For Immediate Release
Chicago, IL – September 20, 2017 – Zacks Equity Research Alcoa (NYSE: (AA - Free Report) – Free Report) as the Bull of the Day, Cheesecake Factory (Nasdaq: (CAKE - Free Report) – Free Report) as the Bear of the Day. In addition, Zacks Equity Research provides analysis on Luminex Corp. (Nasdaq: (LMNX - Free Report) – Free Report),Ligand Pharmaceuticals Inc. (Nasdaq: (LGND - Free Report) – Free Report), Centene Corp. (NYSE: (CNC - Free Report) – Free Report).
Here is a synopsis of all five stocks:
Bull of the Day:
Thanks to a recent uptick in the global economy, companies in the industrial space have been on fire. We have actually seen the sector surge up to #2 overall, and it has been in that position for the entire month of September too.
While many are responsible for this impressive staying power, one company that is definitely worth watching in this environment is Alcoa (NYSE: (AA - Free Report) – Free Report). This aluminum giant has been on a great run in recent months, and the latest numbers suggest that it could retain its leadership role into the Fall as well.
AA in Focus
Alcoa has been seeing rising earnings estimates following its solid earnings report, and we haven’t seen any analysts slash estimates in the past month for any of the time periods we study. This includes the current quarter, current year, next quarter, and next year, so clearly the optimism regarding AA’s future is widespread.
Much of this is thanks to strength in aluminum prices, which is largely due to Chinese growth prospects picking up steam. It also doesn’t hurt that China is cracking down on aluminum production, shuttering plants that do not have the required permits, as well as those that do not pass environmental muster.
This kind of situation is obviously great news for Alcoa, as a reduced supply and possible increases in demand have led to the boost in prices. And with Alcoa as a major producer, it looks to scoop up some additional demand—or at least display pricing power—in the near future.
No wonder analysts have been raising estimates, and why we see the most accurate estimate for the current year higher than the consensus by nearly 11%, and the most accurate estimate for the next year higher by an impressive 25%.

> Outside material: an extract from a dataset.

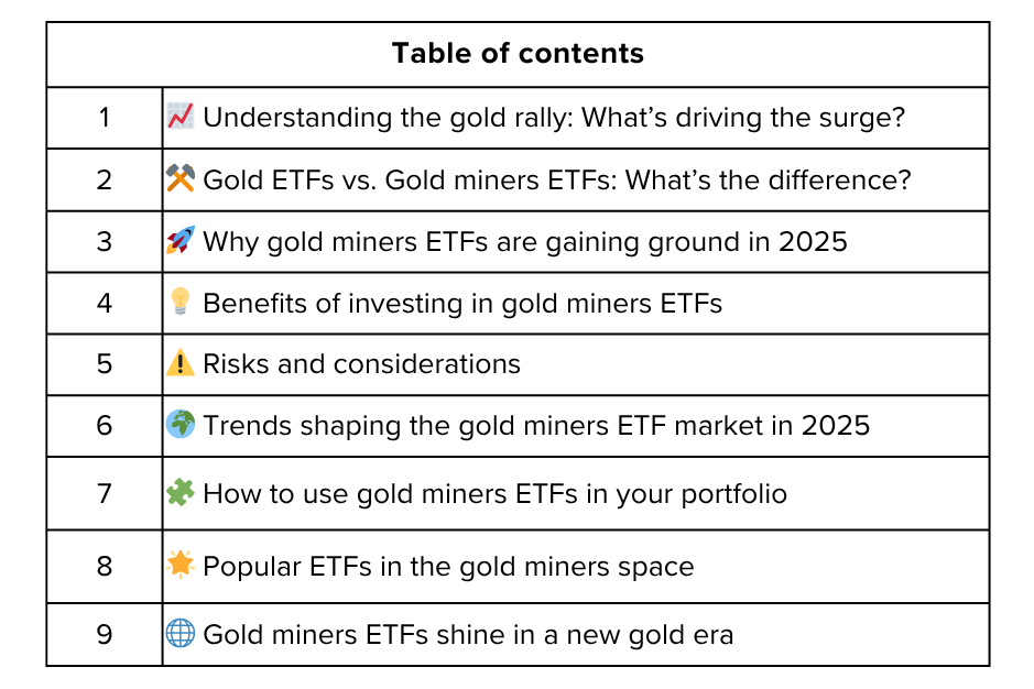 Gold has been the standout performer of 2025, with prices surging to record highs and outpacing major equity indices115. This rally has reignited interest in gold-related investments, particularly Gold Miners ETFs, which offer a dynamic way to capitalize on the precious metals boom. As investors seek both growth and portfolio defense amid inflation, geopolitical risk, and market volatility, Gold Miners ETFs are emerging as a powerful tool. In this article, we’ll explore why these ETFs are gaining traction, how they work, the unique benefits and risks, and which funds are leading the way in 2025.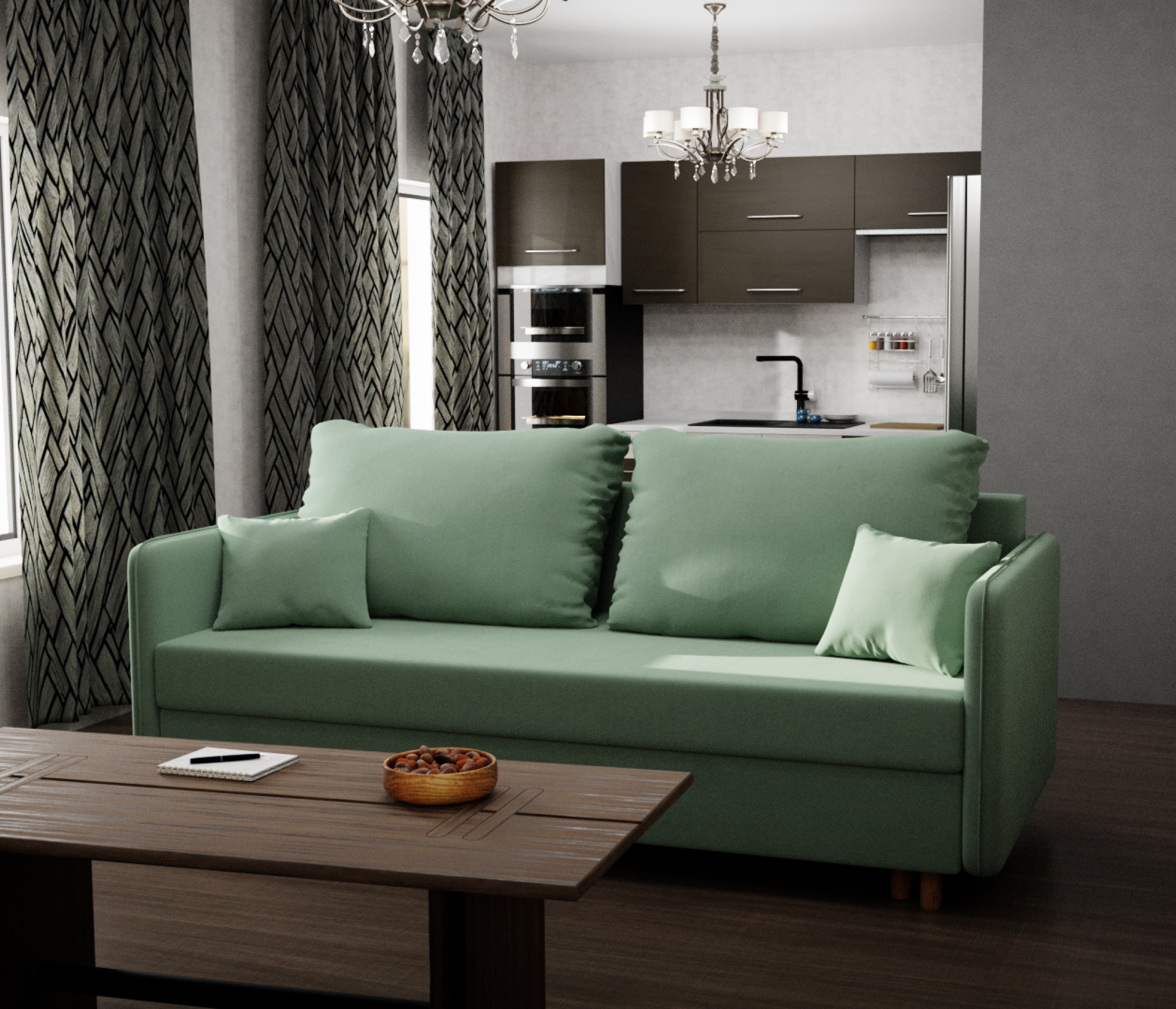 Диван-кровать оснащен механизмом трансформации "еврокнижка" и ящиком для хранения белья. Обивка выполнена из мягкого и приятного на ощупь велюра. Цвет дивана "фисташковый", что делает его универсальным и гармоничным для многих интерьеров.

With such strength in the industry, strong trends in the aluminum market, and remarkable earnings estimate revisions, it isn’t surprising at all that Alcoa has recently moved up into Zacks Rank #1 (Strong Buy) territory. That is why we are looking for continued strength out of this name, and particularly if industry trends remain in place.
Bear of the Day:
About two months ago, I featured Cheesecake Factory (Nasdaq: (CAKE - Free Report) – Free Report) as a ‘Bear of the Day.’ Since then, the stock has been under additional pressure, losing a double-digit percentage of its share price, and continuing its weak trend.
However, the company did manage to beat out earnings estimates for the most recent quarter, while its PE is just over 15. This could suggest to some investors that the bottom is finally in for this restaurant stock, but is that really the case?
Recent Report & Outlook
Though CAKE did beat out estimates for the most recent report—edging out expectations by just 2.6%-- its sales estimates were just in-line (and really it was a razor-thin miss). Higher costs are really hampering the outlook for the company, while sluggish comps aren’t helping matters either.
If that wasn’t enough, CAKE also lowered its full year outlook, blaming the challenging restaurant environment. Comps are now expected to decline 1%-- which is compared to previous expectations of minimal growth—while EPS estimates took a modest hit too.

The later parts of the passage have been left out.